Angelo had never the purpose to corrupt her; only he hath made an essay of her virtue, to practise his judgment with the disposition of natures."

Why alter here the "assay" of the old eds. to "essay"? Again, in The Comedy of Errors, act v. sc. 1, vol. ii. 168, Mr. Collier gives "essaying," and in As you like it, act i. sc. 3, vol. iii. 26, "essay'd;" while in All's well that ends well, act iii. sc. 7, vol. iii. 274, in the First Part of King Henry VI. act v. sc. 4, vol. iv. 329, in the Third Part of King Henry VI. act i. sc. 4, vol. v. 248, in Hamlet, act iii. sc. 1, vol. vii. 258, and in other plays, he prints " assay."

ACT IV.

SCENE 3.-C. p. 78.

"Then is there here one Mr. Caper, at the suit of master Threepile the mercer. Then have we here young Dizzy, and young Mr. Deep-vow, and Mr. Copper-spur, and Mr. Starvelackey," &c.

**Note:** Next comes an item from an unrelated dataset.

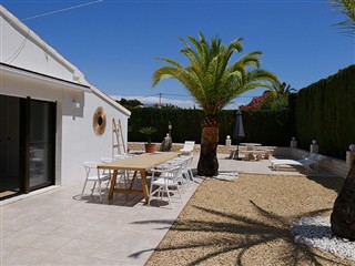 Direct aansluitend aan het gastenverblijf ligt een sfeervol terras met ligbedden, de perfecte plek om ’s ochtends te genieten van een kop koffie in de zon, of later op de dag heerlijk te ontspannen.
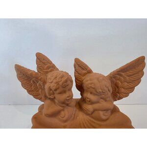 This charming cherubic terracotta planter doubles as a candle holder, offering a whimsical touch to gardens or interiors. Featuring two angels with detailed wings, it presents a versatile design for either displaying small plants or candles.

"So printed [Mr.'] in the old copies, and probably to be pronounced mister, because when Three-pile the mercer' is mentioned, he is called master at length: Shakespeare seems to have intended to make a distinction between gentlemen and tradesmen." COLLIER.

No such distinction was ever dreamed of by Shakespeare. A hundred passages from early MSS., and as many from early books, might be adduced to prove that Mr. and Master were put indiscriminately by transcribers and printers.

In the first folio of Beaumont and Fletcher's Works, among the headings to the Commendatory Verses, we find;

"Vpon Mr. John Fletcher's Playes." Sig. b 2.
"On Master John Fletchers Dramatical Poems."

Sig. b 3.

"On the Dramatick Poems of Mr. John Fletcher." Sig. c 2.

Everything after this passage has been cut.